Jetzt mit dem neuen Becken stimmt was nicht und ich glaube nicht, das es am Filter, Pflanzen oder ....... liegt. Ich denke mal die Farbe war der Grund, aber ich habe oder bekomme darauf keine Bestädigung, auch nicht vom Hersteller.

Was Flüssigfolie ist weiß ich nicht, muß ich noch mal nachlesen. Kann man die einfach drüber machen ?

Gruß Thomas


----------



## Christine (4. Juli 2010)

*AW: Hilfe, alle Fische tot !*

Hallo Thomas,

Du kannst den neuen doch gar nicht mit dem alten Teich vergleichen. Allein durch das neu Befüllen fängst Du bei Null an. Such mal das Stichwort Nitreatpeak.

Hinzu kommt, dass Du keine 08/15-Fische eingesetzt hast, sondern Tiere, die schon ein paar mehr Ansprüche an die Umgebungsbedingungen stellen.


----------



## ebo (4. Juli 2010)

*AW: Hilfe, alle Fische tot !*

Wir rätseln hier doch eh rum.

Wir haben keinerlei genaue Angaben ausser 6000 Liter.
Da müsste ich ne Glaskugel haben.

Gruss
ebo


----------



## hoboo34 (4. Juli 2010)

*AW: Hilfe, alle Fische tot !*

..die armen Fische  (mehr sag ich besser nicht)


----------



## Hagen (4. Juli 2010)

*AW: Hilfe, alle Fische tot !*

hallo, 
wenn du jetzt noch kein problem bei denn stören siehst spätestens nach dem winter wirst du eines haben  mit 0,8 m wassertiefe . __ störe sind im winter so aktiv wie im sommer.
heist also füttern eisfrei halten etc. 

und  da sie keine winterruhe halten haben die kois genau so ein problem.
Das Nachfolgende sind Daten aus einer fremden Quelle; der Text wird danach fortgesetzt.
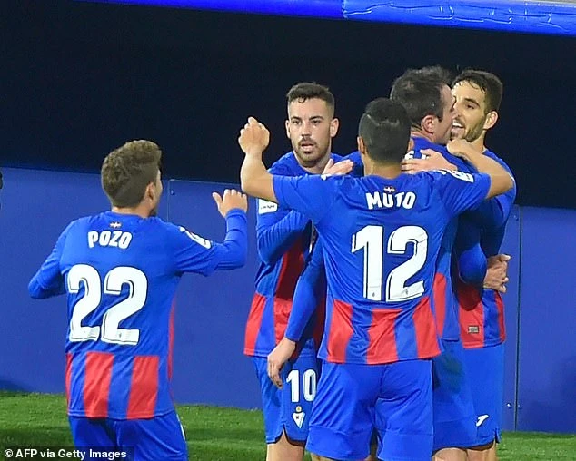 Các cầu thủ chủ nhà Eibar ăn mừng bàn thắng sau siêu phẩm của tiền đạo Kike. Ảnh: Getty Images.

hört sich für mich auch so an als hättest du ein einen nitratpeak. 

ein teich ohne pflanzen   würde meiner meihnung nur funktionieren wenn du in mit allerlei technik vollstopfst

einen 100% fehler wirst du auch nicht finden.  es reichen schon ein paar kleine und das chaos ist perfekt.


----------



## heiko-rech (4. Juli 2010)

*AW: Hilfe, alle Fische tot !*

Hallo,

wie Uwe bin ich der Meinung, dass hier einfach alle Faktoren zusammen dein Fischsterben verursacht haben. Dazu kommt noch der Stress durch mehrmaliges Umquartieren, welches die Fische zusätzlich geschwächt hat.

Sollte der Hersteller der farbe, nicht ausdrücklich versichern, dass diese für Fischteiche geeignet ist, solltest du in Zukunft die Finger davon lassen. Ob sich Flüssigfolie und die vorhandene Farbe vertragen, wird dir kaum jemand sagen können, es sei denn, du findest beim Farbenhersteller auch eine Flüssigfolie und kannst dort nachfragen. Kein Hersteller wird dir eine Garantie geben könnnen, ob ein Produkt eines anderen Herstellers zu seinem kompatibel ist. Das gilt auch für Fliesenkleber.




Pegasus.KT schrieb:


> Ich habe vor die restlichen Fische (wenn sie überleben) erst mal in ein Aquarium zu lassen, die Schwimmbadfarbe abzuschleifen und dann das Becken zu Fliesen, vielleicht mit Bruchstein. Das braucht aber wieder viel Zeit und kostet auch viel Geld !



Das halte ich für einen denkbar schlechten Plan. denn wenn die Fische längere Zeit im AQ überleben sollen, brauchst du auch ein entsprechend großes Becken. Ich denke unter 300L sollte das nicht sein. Kommt halt drauf an, wieviele Fische von welcher Größe wie lange in dem Becken bleiben sollen.

Das beste wäre meiner Meinung nach, du gibst die Fische in gute Hände, entweder verkaufen oder in Pflege geben. 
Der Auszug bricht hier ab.